Before we can start sending queries, we need to authenticate with the REST API. We will be using the OAuth Baerer method for authenticating.

$rest = new CR\tools\rest("");

//skip this part if you have an OAuth access token
$token = $rest->post('/login',

$rest->setAuthMode("bearer", $token);

GET (retrieve)

To retrieve a resource, like all your available groups, simply run this:

$data = $rest->get("/groups");

Some resources have additional filters/options. /mailings for example has filters to specify what kind of mailings you want (all/finished/draft/waiting)

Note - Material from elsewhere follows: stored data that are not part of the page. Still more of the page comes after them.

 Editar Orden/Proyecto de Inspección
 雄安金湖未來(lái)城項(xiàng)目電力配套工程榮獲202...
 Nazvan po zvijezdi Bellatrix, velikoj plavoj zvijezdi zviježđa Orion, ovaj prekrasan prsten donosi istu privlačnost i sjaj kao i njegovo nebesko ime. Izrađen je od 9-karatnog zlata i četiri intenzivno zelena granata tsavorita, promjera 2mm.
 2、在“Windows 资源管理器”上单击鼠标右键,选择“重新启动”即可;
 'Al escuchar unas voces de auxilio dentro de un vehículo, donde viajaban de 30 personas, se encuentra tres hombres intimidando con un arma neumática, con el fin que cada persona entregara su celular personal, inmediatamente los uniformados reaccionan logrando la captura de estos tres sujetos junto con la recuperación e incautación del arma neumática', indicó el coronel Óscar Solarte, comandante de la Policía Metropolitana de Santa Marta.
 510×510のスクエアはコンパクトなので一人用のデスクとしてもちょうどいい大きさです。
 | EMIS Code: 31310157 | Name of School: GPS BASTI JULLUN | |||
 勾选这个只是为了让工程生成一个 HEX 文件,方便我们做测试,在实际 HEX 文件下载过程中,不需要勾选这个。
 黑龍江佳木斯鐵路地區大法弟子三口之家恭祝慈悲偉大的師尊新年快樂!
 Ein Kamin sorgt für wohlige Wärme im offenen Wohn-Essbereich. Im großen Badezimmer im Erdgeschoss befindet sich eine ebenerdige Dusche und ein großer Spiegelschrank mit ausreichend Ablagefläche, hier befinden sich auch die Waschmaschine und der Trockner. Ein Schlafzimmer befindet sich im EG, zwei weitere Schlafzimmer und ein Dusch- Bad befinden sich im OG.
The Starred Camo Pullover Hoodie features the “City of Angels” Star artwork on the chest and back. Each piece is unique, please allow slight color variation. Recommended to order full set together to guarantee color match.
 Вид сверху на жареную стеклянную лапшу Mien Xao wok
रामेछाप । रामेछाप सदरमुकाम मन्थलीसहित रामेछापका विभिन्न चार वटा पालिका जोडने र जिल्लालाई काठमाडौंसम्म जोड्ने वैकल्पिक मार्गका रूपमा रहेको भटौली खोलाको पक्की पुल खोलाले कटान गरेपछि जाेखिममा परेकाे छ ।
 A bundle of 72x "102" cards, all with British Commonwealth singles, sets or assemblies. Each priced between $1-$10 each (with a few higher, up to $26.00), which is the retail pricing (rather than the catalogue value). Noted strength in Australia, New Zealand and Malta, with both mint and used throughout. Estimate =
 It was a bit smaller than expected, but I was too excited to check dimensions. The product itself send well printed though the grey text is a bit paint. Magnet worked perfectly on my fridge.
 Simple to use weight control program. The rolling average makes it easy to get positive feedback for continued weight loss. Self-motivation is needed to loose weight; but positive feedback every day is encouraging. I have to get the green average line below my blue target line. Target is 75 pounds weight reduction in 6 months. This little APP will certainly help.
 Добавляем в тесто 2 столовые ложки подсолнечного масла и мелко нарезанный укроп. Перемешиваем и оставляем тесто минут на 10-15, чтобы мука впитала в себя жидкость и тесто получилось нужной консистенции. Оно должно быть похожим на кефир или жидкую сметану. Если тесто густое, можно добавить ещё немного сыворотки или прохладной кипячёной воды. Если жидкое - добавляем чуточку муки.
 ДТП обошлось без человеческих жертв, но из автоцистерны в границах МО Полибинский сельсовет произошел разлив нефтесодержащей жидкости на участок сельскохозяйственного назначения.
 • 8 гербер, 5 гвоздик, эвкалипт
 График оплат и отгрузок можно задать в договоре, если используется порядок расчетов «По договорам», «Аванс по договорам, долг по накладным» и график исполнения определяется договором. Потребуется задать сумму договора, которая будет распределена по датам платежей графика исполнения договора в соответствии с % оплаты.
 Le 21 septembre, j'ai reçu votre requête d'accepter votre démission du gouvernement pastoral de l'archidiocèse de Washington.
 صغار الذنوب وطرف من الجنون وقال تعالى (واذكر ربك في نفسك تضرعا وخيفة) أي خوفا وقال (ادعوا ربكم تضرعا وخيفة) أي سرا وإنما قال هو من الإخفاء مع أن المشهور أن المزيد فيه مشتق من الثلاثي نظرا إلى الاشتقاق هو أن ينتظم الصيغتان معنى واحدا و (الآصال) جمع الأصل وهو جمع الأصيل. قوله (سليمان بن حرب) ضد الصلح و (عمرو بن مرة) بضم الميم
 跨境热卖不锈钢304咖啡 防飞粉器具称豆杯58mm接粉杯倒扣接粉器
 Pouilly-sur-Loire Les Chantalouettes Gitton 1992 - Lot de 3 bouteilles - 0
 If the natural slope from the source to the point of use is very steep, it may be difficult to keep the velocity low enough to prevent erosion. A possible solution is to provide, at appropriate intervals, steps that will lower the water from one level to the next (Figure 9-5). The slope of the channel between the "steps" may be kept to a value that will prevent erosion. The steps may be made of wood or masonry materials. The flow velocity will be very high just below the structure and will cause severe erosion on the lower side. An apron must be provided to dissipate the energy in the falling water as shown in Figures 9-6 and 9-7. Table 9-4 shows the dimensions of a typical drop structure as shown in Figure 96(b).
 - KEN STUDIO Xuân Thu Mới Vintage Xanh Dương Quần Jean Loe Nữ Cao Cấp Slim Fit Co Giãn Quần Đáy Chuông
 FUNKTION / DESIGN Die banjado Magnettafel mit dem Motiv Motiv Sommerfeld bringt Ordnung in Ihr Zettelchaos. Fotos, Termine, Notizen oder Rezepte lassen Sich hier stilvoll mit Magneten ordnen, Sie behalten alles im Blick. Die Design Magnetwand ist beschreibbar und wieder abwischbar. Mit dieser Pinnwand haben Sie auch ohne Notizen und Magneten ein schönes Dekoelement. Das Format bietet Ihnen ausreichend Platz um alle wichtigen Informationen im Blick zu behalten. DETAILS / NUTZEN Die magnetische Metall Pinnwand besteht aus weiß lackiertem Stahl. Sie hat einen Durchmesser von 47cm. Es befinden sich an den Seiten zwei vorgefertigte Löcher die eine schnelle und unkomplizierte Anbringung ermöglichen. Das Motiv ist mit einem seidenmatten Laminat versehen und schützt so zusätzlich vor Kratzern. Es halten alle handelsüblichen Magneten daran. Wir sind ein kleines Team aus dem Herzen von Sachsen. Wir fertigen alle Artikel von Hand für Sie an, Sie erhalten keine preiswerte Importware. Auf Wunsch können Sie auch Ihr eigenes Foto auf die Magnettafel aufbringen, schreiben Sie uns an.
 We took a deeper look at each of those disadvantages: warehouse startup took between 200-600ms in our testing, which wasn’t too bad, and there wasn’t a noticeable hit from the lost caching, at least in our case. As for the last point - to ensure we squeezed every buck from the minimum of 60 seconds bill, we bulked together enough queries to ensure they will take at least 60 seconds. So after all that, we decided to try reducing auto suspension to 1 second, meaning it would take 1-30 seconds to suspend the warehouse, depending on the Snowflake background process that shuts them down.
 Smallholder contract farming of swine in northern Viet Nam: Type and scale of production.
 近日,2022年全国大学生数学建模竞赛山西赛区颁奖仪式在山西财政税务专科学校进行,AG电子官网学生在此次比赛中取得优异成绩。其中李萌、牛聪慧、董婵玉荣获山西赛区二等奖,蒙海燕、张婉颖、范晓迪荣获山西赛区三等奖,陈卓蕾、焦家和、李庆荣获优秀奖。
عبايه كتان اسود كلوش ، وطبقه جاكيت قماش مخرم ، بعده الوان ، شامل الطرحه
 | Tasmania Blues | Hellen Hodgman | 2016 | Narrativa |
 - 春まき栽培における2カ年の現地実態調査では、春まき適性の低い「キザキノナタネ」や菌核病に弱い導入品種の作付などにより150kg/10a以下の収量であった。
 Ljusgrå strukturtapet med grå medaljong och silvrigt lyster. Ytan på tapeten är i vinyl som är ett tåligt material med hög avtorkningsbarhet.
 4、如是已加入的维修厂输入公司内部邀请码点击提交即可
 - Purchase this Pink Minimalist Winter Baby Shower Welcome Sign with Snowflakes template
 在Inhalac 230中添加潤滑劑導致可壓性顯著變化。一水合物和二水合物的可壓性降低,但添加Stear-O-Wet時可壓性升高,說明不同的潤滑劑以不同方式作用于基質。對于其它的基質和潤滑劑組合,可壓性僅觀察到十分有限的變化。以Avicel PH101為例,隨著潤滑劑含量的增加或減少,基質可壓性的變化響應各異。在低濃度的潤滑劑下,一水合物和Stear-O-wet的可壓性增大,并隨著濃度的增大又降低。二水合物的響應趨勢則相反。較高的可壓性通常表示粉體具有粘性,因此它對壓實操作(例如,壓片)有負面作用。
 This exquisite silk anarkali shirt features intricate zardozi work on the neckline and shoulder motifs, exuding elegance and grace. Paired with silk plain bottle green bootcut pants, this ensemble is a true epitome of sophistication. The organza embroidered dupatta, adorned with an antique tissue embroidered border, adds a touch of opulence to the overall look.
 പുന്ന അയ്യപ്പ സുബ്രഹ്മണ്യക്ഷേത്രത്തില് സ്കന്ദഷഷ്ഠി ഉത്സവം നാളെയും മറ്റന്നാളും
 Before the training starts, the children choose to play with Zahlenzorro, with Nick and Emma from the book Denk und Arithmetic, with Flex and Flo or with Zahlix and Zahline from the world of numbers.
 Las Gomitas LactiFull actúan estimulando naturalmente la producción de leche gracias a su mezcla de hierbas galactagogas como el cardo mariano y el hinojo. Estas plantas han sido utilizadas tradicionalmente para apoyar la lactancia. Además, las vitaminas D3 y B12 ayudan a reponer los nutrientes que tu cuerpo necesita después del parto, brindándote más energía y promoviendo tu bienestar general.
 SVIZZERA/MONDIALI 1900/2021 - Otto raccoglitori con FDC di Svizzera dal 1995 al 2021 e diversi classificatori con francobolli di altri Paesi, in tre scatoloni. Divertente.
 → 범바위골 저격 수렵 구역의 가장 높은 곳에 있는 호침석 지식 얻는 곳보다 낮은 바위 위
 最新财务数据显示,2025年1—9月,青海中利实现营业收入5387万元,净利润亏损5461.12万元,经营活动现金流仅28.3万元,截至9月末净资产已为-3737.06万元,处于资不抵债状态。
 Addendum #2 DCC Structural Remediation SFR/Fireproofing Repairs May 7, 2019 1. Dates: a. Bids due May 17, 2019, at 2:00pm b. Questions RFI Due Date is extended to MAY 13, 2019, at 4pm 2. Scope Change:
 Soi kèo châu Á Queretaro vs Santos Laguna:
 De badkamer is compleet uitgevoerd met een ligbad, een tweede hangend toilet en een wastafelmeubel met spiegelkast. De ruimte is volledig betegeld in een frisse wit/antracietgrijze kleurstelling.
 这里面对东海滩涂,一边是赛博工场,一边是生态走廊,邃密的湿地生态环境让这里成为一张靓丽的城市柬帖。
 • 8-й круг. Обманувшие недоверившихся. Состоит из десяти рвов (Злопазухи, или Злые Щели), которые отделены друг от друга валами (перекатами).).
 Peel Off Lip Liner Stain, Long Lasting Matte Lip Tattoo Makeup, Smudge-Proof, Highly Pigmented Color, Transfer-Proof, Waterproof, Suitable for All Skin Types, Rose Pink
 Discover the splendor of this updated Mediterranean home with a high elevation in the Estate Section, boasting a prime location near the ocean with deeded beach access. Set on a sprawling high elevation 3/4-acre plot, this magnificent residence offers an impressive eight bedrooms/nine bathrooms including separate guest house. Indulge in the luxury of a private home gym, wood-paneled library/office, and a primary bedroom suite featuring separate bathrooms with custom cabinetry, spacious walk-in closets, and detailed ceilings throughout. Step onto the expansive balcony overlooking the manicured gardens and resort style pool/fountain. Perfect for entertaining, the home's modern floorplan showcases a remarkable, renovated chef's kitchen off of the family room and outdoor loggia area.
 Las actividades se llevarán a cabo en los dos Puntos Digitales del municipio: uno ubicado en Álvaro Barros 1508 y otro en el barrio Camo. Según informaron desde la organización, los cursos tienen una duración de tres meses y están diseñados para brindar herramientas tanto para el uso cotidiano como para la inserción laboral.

$data = $rest->get("/mailings", array("type"=>"draft") );

POST (create new and special functions)

Creating a new resource like f.e. a group, follows the same principle. All you need to do is adding the required parameters.

$data = $rest->post("/groups", array("name"=>"my new REST group") );

PUT (update)

Updating a resource requires you to know the resource ID, but follows the same style as a POST.

$data = $rest->put("/groups/1234", array("name"=>"my updated REST group") );


Deleting just requires the resource ID

$data = $rest->delete("/groups/1234");

Error handling

In case of errors, you will receive a http error code and the apropiate error description. In this example we tried to access a report which does not exist.

$data = $rest->get("/report/4321");

  "error": {
    "code": 404,
    "message": "Not Found"


The CleverReach® data structure might be a bit confusing at first, so we are going to explain some basics here.

During the usage of the REST API you will encounter these main resources.


While every resource is accessable on its own, some of these resources may be nested within each other because they can have multiple points of origin.

/receivers f.e. can be a standalone resource, returning you information about an email address.
/groups/receivers on the other hand returns only the receiver inside this group and way more data like subscription dates, group bound attributes events and more.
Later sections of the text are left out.